Namun, keamanan senjata api adalah topik yang banyak dokter takut untuk membahasnya. Banyak dokter merasa tidak memenuhi syarat untuk memberikan nasihat tentang praktik penyimpanan yang aman atau pemindahan kepemilikan senjata untuk sementara. Sebuah penelitian di Ohio yang melibatkan dokter anak di layanan primer mengungkapkan bahwa hanya 39% dokter anak merasa mereka telah menerima pelatihan yang memadai untuk memberikan nasihat kepada keluarga tentang keamanan senjata api. Meskipun 72% dokter anak setuju mengenai tanggung jawab untuk membahas keamanan senjata api, praktik skrining kepemilikan senjata api dan pemberian konseling jarang dilakukan. Namun, penyimpanan dan penanganan senjata api yang aman sangat penting terutama di kalangan anak-anak, mengingat senjata api merupakan penyebab kematian terbesar di kalangan anak-anak dan remaja.

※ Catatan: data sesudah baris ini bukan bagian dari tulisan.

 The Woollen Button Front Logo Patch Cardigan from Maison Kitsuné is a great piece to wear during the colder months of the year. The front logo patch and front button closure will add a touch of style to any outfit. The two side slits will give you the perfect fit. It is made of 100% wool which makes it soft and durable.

Selain dokter merasa tidak siap untuk membahas keamanan senjata api, pasien sering kali tidak melihat relevansi diskusi tersebut. Dalam survei yang dilakukan oleh Fakultas Kedokteran Universitas Michigan, lebih dari separuh pasien dewasa melewatkan pertanyaan tentang kepemilikan senjata dalam kuesioner yang disediakan di ruang tunggu klinik. Ini bukanlah topik yang nyaman bagi siapa pun. Oleh karena itu, untuk mengatasi risiko kesehatan masyarakat yang disebabkan oleh senjata api memerlukan perubahan dalam cara kita mendekati percakapan dokter-pasien.

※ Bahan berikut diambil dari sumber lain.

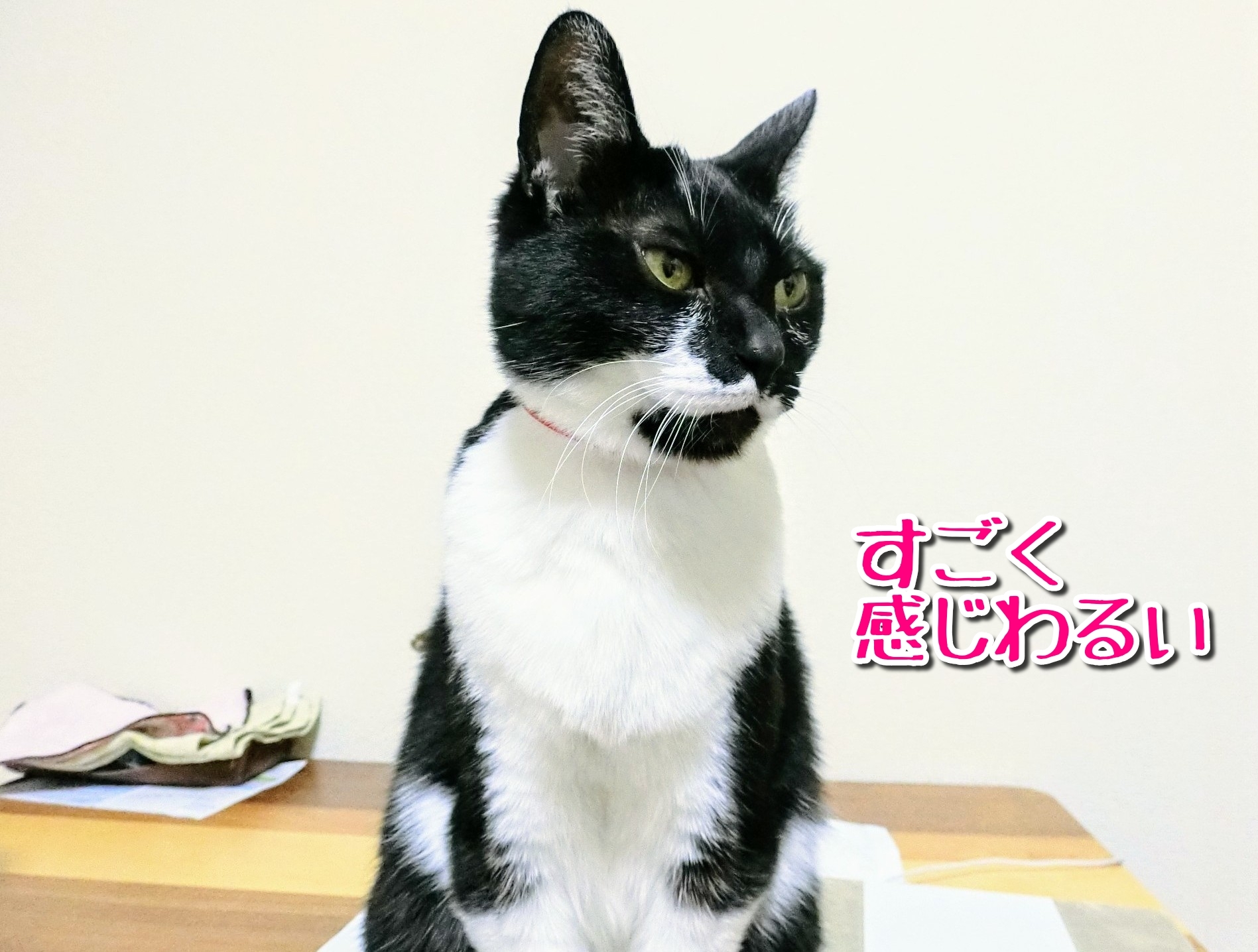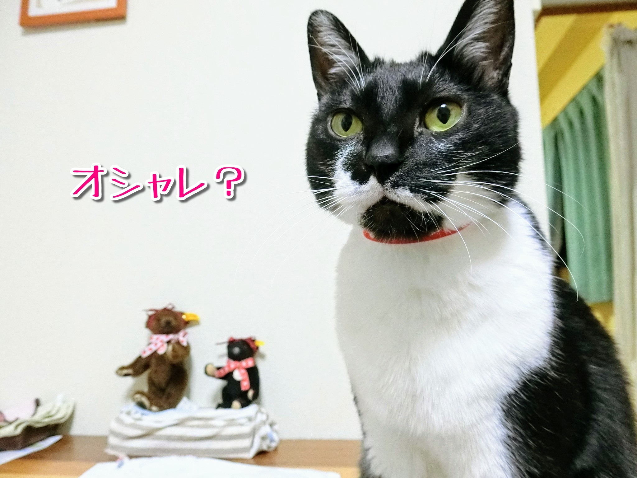 白黒猫、意外に似合う色が少ないと思うんですよね。青とか緑とか、赤以外の原色系はほぼダメな気がします。これが黒猫や白猫なら何色でも似合うのに… 不思議です。ただの思い込ですかね??

Hal inilah yang menjadi tujuan Team SAFE (Scrubs Against the Firearms Epidemic), sebuah organisasi yang didirikan bersama oleh Dr. Dean Winslow dan Dr. Sarabeth Spitzer di Universitas Stanford. Misi mereka adalah membekali penyedia layanan kesehatan dengan keterampilan untuk memberikan nasihat kepada pasien, komunitas, dan legislator mengenai penggunaan dan kepemilikan senjata api. Dengan cabang di sekolah kedokteran di seluruh Amerika Serikat, Team SAFE mengintegrasikan keselamatan senjata api ke dalam kurikulum medis melalui pelatihan tentang cedera terkait senjata api, anatomi senjata api, dan konseling pasien. Melalui sumber daya ini, Dr. Winslow “berharap[s] bahwa seorang dokter, psikiater atau psikolog mempunyai pengetahuan untuk menanyakan tentang senjata api dan mendorong praktik yang aman.”

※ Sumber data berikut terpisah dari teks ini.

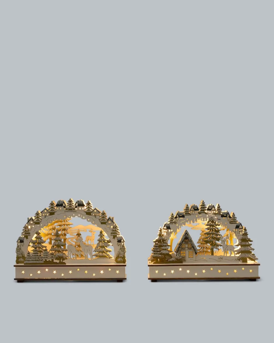 Lieferumfang: | 2x Lumesso Schwibbögen mit LED-Beleuchtung (2 versch. Motive) | |

Baik Anda seorang profesional kesehatan saat ini atau yang bercita-cita tinggi, kita semua terikat oleh peran kita sebagai pasien. Dialog-dialog penting ini mewakili lebih dari sekedar langkah-langkah pencegahan: Dialog-dialog ini dapat menjadi intervensi yang menyelamatkan nyawa. Percakapan pasien-dokter seputar keamanan senjata api mungkin terasa tidak nyaman, namun itulah mengapa hal ini diperlukan – hal ini merupakan harga kecil yang harus dibayar untuk mencegah lebih banyak nyawa hilang.
Generasi saya muak dengan mimpi buruk tentang kekerasan senjata.
Kami siap untuk bermimpi.
Arusha Patil '25 adalah junior jurusan ilmu komputer.